LOL - I forgot to include Xavier's name in the team. LOL. He is a normal split to pied WF. 

Thank you Roxy. I have a feeling Jedi will be a lot prettier when he is actually in condition. His feathers are so frayed right now and he is going through a moult. He also hates it in the quarantine area. He can hear the others but is all alone, poor baby. And since he isn't tame at all, the added stress of me just being in the room has him all out of sorts. :blink:


----------



## Leigh (Sep 21, 2011)

Gorgeous tiels but Jedi is amazing and Rook's color is so vibrant!


----------



## Dreamcatchers (Apr 17, 2011)

Thank you


----------



## RexiesMuM (Sep 7, 2011)

They are gorgeous hun !!!


----------



## DyArianna (Aug 7, 2011)

Wow! Very beautiful birds! Such vibrant colors! Question... do you have multi-generational show bird? I mean say you had a mom or dad that showed...and also maybe a baby or even a grandbaby of them in show too? Do show birds very often hatch show babies?


----------



## Dreamcatchers (Apr 17, 2011)

Thank you. 

DyArianna-

Currently, I have birds who are shown in two divisions. My novice birds are ones I personally produced - Cienna and Sunni (Father and Daughter). I have not produced any champions yet myself so I put my birds in the novice classes.

Then, in the Advanced birds (these are birds I did not produce myself but that I am showing and will add to my breeding program to improve my novice lines) I have the following.

Calum is the grandson of a Grand champion from Rock Hill Aviary in Texas. 

Confetti (who is not currently showing but will go out next year) is the great grandson of Grand Champion and NCS Supreme Hall of fame "Sunburst" the bird on this page- http://mapleleafaviaries.com/.

Rook, Rio, Mila are from Rock Hill Aviary. Mila and Rook are 1/2 brother and sister.

Spike and Xavier are from Mapleleaf Aviary. 

They are also out of multi generations of showing birds but don't have quite the background of Calum and Confetti.

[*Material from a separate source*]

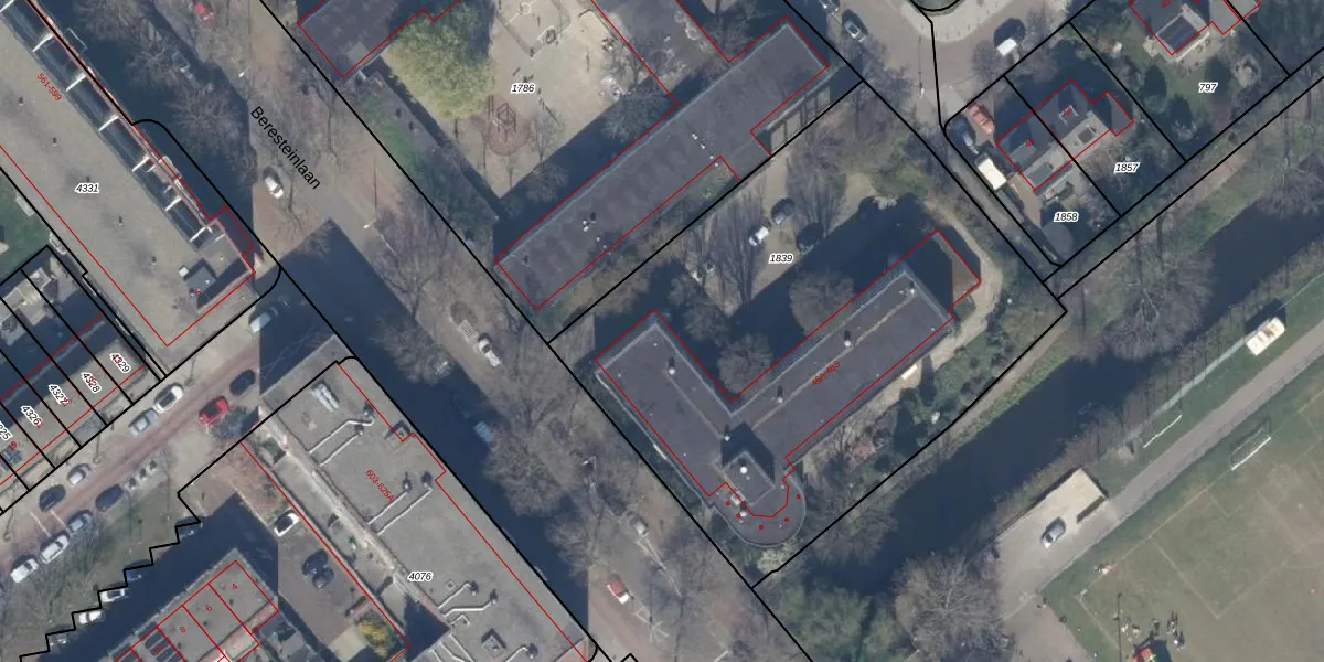 Het perceel waarop Beresteinlaan 48-C staat heeft een oppervlakte van 3037 m². Dit is een zeer groot perceel. De perceeloppervlakte wordt geregistreerd door het Kadaster. Gedetailleerde informatie over de maten van dit perceel kunt u vinden in het rapport Kadastrale kaart met maatvoering van Beresteinlaan 48-C.

The difference between Novice and Advanced is based on your personally produced birds. I will not show in advanced for quite a while because you must obtain several champions in novice before your birds can compete with the advanced breeders. Novice birds can beat advanced birds in a show but they first compete at their own level. Then, if they are in the top say 2 or 3, they can then be "moved up" to the advance bench at that show. There was one novice bird this weekend who ended up winning 8th on the advance bench.  Personally, I find its more fun to be a novice.


----------